Das wichtigste ist wohl die bewusste Marginalisierung und Ausgrenzung der linken Selbstorganisationen in Europa. Die Kriminalisierung und Stigmatisierung kurdischer Organisationen aufgrund des PKK-Verbots kommt erschwerend hinzu. Zudem ist der Einfluss der Türkei als NATO-Mitglied auf den europäischen Regierungen und allgemein die Auswirkungen der imperialistischen Politik nicht zu vernachlässigen.

Doch das ist nur die eine Seite der Medaille. Auf der einen Seite agieren die migrantischen Selbstorganisationen meist Türkei- bzw. Kurdistanbezogen und beteiligen sich ungenügend an den sozialen Kämpfen und politischen Auseinandersetzungen in dem jeweiligen europäischen Land. So sind z.B. an den Maifeiern die meisten migrantischen Selbstorganisationen nur folkloristisches bzw. kulinarisches Beiwerk. Andererseits entstehen die bisherigen Bündnisse nur in Top-down-Prozessen. Die Einbeziehung der jeweiligen Basis in die Entstehungs- und Entscheidungsprozesse führen dazu, dass die Mitglieder der Selbstorganisationen außer der verordneten »nebeneinander demonstrieren« keine Gemeinsamkeiten entwickeln können. Vorstände entscheiden und Mitgliedsvereine führen aus – mehr ist es nicht.

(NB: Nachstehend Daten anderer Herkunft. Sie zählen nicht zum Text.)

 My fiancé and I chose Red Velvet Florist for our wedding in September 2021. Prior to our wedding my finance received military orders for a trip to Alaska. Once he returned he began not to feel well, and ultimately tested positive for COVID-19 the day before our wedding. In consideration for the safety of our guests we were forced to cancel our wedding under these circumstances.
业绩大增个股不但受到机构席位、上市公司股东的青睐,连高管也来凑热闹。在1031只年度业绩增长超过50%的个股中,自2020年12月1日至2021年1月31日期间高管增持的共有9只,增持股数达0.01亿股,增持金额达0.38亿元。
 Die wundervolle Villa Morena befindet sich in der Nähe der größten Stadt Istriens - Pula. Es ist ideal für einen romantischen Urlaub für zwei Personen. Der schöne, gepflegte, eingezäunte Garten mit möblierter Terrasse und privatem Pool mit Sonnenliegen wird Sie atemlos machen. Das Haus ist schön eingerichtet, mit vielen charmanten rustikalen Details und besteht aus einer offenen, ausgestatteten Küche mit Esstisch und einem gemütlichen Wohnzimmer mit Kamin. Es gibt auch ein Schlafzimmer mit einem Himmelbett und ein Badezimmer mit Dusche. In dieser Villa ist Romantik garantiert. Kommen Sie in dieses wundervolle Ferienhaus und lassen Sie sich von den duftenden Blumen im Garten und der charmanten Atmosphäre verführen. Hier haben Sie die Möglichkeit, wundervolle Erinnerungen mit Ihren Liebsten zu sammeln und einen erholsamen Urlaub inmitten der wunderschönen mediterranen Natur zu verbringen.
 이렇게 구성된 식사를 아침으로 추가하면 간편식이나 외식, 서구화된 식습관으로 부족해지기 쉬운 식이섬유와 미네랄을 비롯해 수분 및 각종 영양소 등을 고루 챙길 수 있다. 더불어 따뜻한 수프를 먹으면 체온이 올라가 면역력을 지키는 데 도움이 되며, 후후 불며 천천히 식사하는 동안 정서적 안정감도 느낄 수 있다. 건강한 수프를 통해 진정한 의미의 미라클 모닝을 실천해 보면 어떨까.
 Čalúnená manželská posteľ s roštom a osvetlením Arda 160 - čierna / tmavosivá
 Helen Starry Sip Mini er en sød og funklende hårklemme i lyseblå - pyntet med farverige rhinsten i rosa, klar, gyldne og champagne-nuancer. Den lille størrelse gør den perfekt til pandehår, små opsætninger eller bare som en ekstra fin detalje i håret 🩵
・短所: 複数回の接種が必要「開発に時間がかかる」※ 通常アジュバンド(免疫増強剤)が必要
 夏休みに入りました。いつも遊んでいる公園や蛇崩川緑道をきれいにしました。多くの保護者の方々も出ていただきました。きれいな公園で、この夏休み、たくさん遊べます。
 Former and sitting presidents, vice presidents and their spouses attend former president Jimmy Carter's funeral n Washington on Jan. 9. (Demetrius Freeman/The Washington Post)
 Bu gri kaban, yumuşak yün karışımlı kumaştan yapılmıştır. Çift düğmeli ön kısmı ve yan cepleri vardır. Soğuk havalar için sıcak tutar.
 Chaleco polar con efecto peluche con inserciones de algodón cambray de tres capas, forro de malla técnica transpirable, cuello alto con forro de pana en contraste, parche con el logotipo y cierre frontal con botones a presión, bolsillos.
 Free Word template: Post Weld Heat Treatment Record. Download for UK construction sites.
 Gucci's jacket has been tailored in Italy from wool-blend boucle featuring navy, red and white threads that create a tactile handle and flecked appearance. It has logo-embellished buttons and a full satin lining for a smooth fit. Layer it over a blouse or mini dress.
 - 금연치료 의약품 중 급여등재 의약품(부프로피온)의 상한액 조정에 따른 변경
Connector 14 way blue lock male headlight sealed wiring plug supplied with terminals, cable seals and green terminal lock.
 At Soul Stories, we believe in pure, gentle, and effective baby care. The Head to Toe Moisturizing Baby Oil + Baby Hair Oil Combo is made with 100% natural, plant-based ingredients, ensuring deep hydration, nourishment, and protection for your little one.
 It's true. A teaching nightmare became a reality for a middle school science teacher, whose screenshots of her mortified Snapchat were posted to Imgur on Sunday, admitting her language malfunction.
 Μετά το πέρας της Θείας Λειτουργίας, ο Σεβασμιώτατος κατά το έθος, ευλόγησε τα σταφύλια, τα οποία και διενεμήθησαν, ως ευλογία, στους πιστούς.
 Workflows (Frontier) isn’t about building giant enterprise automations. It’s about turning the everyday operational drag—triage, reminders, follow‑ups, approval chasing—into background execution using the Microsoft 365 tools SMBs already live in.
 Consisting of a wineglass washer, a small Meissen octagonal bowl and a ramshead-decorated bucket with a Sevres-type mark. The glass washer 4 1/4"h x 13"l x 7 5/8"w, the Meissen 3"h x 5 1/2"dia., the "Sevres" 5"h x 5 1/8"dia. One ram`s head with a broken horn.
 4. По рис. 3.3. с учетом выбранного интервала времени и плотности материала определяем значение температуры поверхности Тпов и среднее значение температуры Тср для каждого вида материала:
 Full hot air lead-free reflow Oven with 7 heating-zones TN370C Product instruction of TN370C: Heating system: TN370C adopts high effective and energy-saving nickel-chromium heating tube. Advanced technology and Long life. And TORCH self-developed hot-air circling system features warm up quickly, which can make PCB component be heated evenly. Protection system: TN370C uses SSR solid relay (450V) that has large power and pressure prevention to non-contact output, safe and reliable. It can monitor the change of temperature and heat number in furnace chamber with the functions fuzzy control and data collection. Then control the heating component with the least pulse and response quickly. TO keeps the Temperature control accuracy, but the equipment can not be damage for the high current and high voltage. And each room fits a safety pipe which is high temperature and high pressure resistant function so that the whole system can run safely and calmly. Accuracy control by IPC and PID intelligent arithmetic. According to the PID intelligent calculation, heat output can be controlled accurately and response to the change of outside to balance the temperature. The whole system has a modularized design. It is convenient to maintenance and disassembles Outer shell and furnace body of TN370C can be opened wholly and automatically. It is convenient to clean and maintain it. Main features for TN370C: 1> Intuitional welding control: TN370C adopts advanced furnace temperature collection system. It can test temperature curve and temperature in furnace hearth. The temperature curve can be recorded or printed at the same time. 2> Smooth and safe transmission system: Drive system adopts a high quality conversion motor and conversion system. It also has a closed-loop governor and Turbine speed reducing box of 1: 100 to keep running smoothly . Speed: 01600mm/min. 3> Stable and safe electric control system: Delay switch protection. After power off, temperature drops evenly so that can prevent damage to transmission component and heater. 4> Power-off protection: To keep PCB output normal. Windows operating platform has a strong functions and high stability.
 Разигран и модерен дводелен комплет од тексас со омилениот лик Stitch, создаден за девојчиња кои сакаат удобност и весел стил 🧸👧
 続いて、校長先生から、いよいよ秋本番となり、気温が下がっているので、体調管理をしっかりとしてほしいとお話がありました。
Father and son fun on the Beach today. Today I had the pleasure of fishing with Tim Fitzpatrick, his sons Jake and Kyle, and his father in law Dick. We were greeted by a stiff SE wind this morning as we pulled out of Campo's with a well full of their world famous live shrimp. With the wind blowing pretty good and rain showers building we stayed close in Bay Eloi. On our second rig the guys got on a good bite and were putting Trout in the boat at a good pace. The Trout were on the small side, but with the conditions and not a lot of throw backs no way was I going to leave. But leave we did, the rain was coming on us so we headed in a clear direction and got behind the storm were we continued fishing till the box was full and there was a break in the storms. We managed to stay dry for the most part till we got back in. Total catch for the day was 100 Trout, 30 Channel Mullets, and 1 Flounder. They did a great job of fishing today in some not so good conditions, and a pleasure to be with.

Um Missverständnisse zu vermeiden: Es geht nicht darum, die Existenz der unterschiedlichen Selbstorganisationen sowie deren politischen und sozialen Aktivitäten zu hinterfragen. Im Gegenteil: die Unterschiedlichkeiten und die Vielfalt sind eine Bereicherung für die Bündnisarbeit. Verankerung, Organisierung und Stärkung der jeweiligen Bündnisorganisation innerhalb ihrer Zielgruppe ist zugleich zum Vorteil der gemeinsamen Arbeit. Die Kritik richtet sich an das Verständnis und an die bisherigen Methoden der Zusammenarbeit.

Und positive Beispiele gibt es auch zuhauf: So hat der gemeinsame Wahlkampf während der türkischen Parlamentswahlen am 7. Juni und 1. November 2015 dazu geführt, dass die HDP das zweitbeste Wahlergebnis in den Auslandsurnen herausholen konnte. Über 90.000 Stimmen allein in der BRD und die erfolgreiche Arbeit der gemeinsamen örtlichen Komitees sind nicht nur gute Beispiele. Sie zeigen zugleich die Notwendigkeit einer nachhaltigen und langfristig ausgelegten Zusammenarbeit auf.

Ein kurzer Blick auf die politische Lage

Die Situation in der Türkei und in Kurdistan ist bekannt. Das AKP-Regime, dass sich nach den letzten Wahlen konsolidieren und die Unterstützung nahezu aller Kapitalfraktionen, der Staatsbürokratie und imperialistischen Staaten sichern konnte, ist auf dem Weg zu einer offenen Diktatur. Wir müssen davon ausgehen, dass der schmutzige Krieg in Kurdistan weiter an Fahrt gewinnen, die gesamte Opposition noch mehr unterdrückt, die Rechtsstaatlichkeit völlig ausgehöhlt, das Parlament zur Funktionslosigkeit degradiert und ein autoritäres Präsidialsystem verfassungsrechtlich verankert sein wird. Das AKP-Regime hat bewiesen, dass sie die Macht durch Wahlen nicht aus der Hand geben und alle Instrumente, die ihr zur Verfügung stehen nutzen wird, um ihre Macht auszubauen. Es ist zu konstatieren, dass das Regime den gesamten Staatsapparat, die Armee und die Justiz unter ihre Kontrolle gebracht hat und eine reaktionär-nationalistische Regierungsmacht geworden ist, die zudem über ein nicht zu unterschätzenden gesellschaftlichen Einfluss verfügt.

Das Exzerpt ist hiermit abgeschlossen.